Sounds – A Technical Explanation

 

When I saw the verse in Exodus: “And all the people saw the sounds…” I asked myself how it was possible to see the sounds, and what did the People of Israel actually see at Mount Sinai? According to Rashi: “They saw the audible.” If so, it must be possible to convert sound waves into an image.

The first idea was to find the relationship between the audible frequencies (20 Hz-20 kHz) and the much higher, visible frequencies of color detected by the human eye, at wavelengths from 0.35 micron (violet) to 0.75 micron (red), which encompass all the colors of the spectrum.
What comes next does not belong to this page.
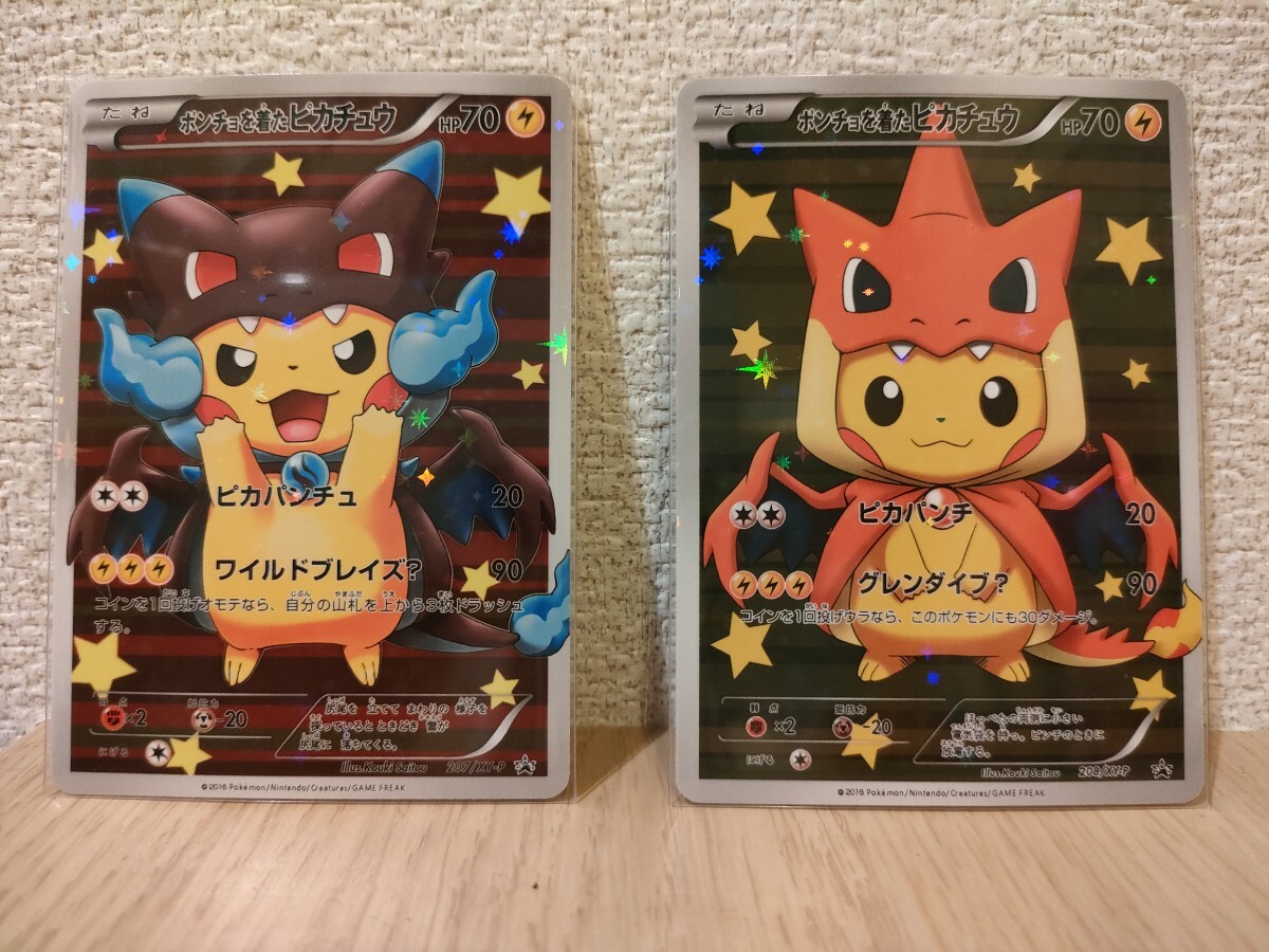 ポンチョを着たピカチュウ リザードンX、リザードンYの2枚セットです。
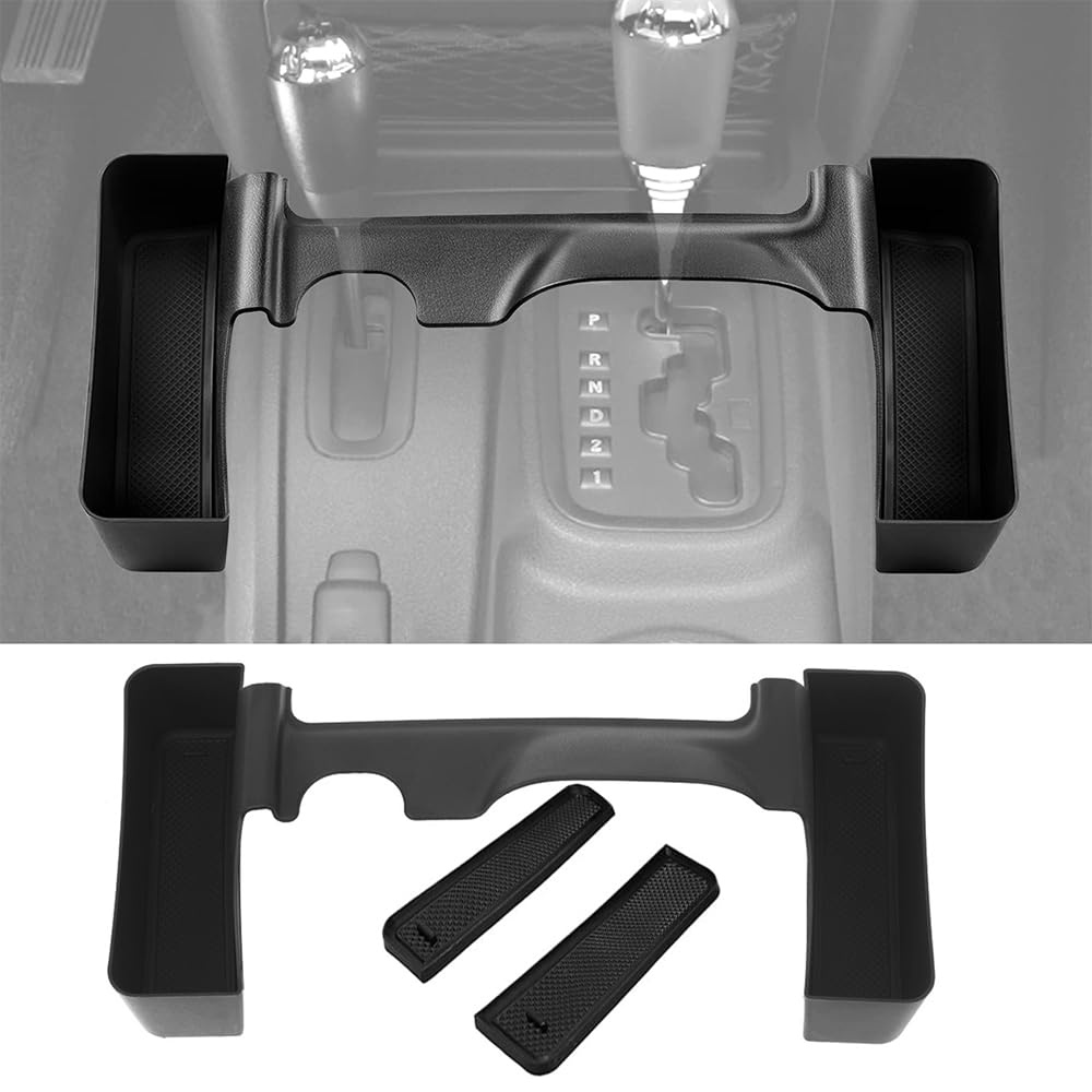 YOCTM Gear Organizer for Jeep Wrangler JK (2011-2017) - Custom Console Storage Box with Trinket Box, Card Storage, Tray for Cell Phones and Small Items, Includes Non-Slip Mat. Features: 1. The accessory is injection-molded from high-quality ABS material, and the beam is not only durable, but also features a black textured surface that seamlessly integrates with the shift console. 2. Designed based on the original vehicle model data, it fits seamlessly and does not interfere with the original vehicle's gear positioning. 3. Clever use of space structure, transforming waste into treasure, for convenient storage and neat and tidy storage. Details: 1. Product Name: Gear Shift Storage Box 2. Material: ABS 3. Fits: Jeep Wrangler JK 2011-2017 4. Included: Gear Shift Storage Box x 1 Set 5. Color: Black Instructions for Use 1. Clean the area you want to use (wipe with a cloth soaked in 50% alcohol) 2. Ensure the installation area is clean, dry and free of dust 3. Before removing the double-sided tape on the back,

According to one commentator, the Kli Yakar: “The People of Israel saw the letters.” In other words, God’s words were grasped as visible letters of the alphabet. Therefore, our conversion must retain the letters’ graphic forms, such as for example, the round shape of the fifteenth letter samech (ס). However, this assumes that the letters seen at Mount Sinai took the shape of the Ashuri script and not the ancient Hebrew script, in which the letter samech is written in an entirely different way.

However, the Talmud contains a difference of opinion as to which script was used (BT Sanhedrin 21b). One of the opinions claims that the Torah was given in the ancient Hebrew script, but after the return from the Babylonian exile, the change was made to the Ashuri script. The other opinion claims that the Torah was given in Ashuri script, and relates the word ashuri to the Hebrew word for honesty – yashrut.

That original script was lost over time and replaced by the ancient Hebrew script. With the return to the Land of Israel from Babylon, the original Ashuri script was rediscovered and used to write the scrolls of the Law. This script is in use to this day.

In addition, for the experiment to succeed, the shapes of the letters must appear as images when spoken. This means that they must appear from right to left, as in Hebrew. Thus, the graphic timeline must also flow from right to left as the letters appear on the computer monitor.

Through a microphone, sounds are expressed as changes in electrical current or voltage along a timeline. Further investigation revealed the complexity required for the frequency conversion; for converting sound to image requires an additional dimension. Whereas an image is two-dimensional, the sound develops along a timeline (time being the third dimension – ZC). Even if we say that the sound is also two-dimensional – a flow along the Y-axis relative to time along the X-axis, the image must still be three-dimensional:

Time on the X-axis, frequency on the Y-axis and force on the Z-axis.

However we look at it, we must add a dimension.

Doesn’t the fact that the Creator added a dimension to show us the sounds mean that it can be done?

In my CD lecture, I calculate the flow of information that must appear in real-time on the screen as a function of the flow of sound data. The relationship is more than 100/1 and therefore, when I began this research, it was impossible to facilitate the conversion on a computer because of the vast number of calculations involved. However, with the development of more powerful processing chips, it became possible to display the sounds continuously in real-time.

Finally, I reached the decision to display the image on the time-frequency plane, because I remembered the existence of a piece of electronic equipment called the sonograph, which I had seen years earlier at a university in Paris. This instrument displays a graphic representation of fluctuations in sound waves found in nature. It is interesting to see that it displays a bird’s chirping in the shape of a bird. This instrument put me in the right direction, despite the continued existence of a large number of unanswered questions, such as the difficulty in creating an image of the round letter samech, when the sonograph displays only lines.

Another important issue: Given that the Creator also formed the human ear, it is certain that He took human physiology into account when the sounds were seen at Mount Sinai. We therefore also had to take that into account and approach as close as possible the theoretical limits imposed by the Heisenberg Uncertainty Principle, which defines the relationship between the resolution in the time DT and the resolution in the frequency DF, according to the equation: DT ● DF >1/4 π. Meaning that it is impossible to be simultaneously accurate in both time and frequency.

To summarize, we can say that the new invention constitutes a new type of sonograph, with an algorithm that maintains the ear’s properties, while working at the limits of possible resolution. Therefore, it is sufficiently reliable to make it possible to see the letters of the Holy Tongue, as they are created by speech.

The Results

Out of the twenty-two letters in the Hebrew alphabet (the Ashuri script), I produced images for seventeen letters (or eighteen, if I count the sixth letter vav, which cannot be analyzed properly because it is a short vertical line). I must emphasize that the images were created directly from speech, through the use of a fixed mathematical conversion and the correct method of display.

To make it possible for anyone to do this experiment and see this amazing phenomenon for themselves, I have produced a CD with the appropriate software. All the seventeen findings are presented on the CD with explanations and the software that makes it possible to repeat the experiment.

I hope that with the correct pronunciation, it will be possible to add to the seventeen letters already displayable (which represent all five parts of the mouth used to produce the sounds): three gutturals, aleph, ayin and heh; three labials, peh, mem and bet; four palatals, gimmel, chaf, yod and kaf; two linguals, tet and nun; five dentals, zayin, samech, shin, tzadi and resh.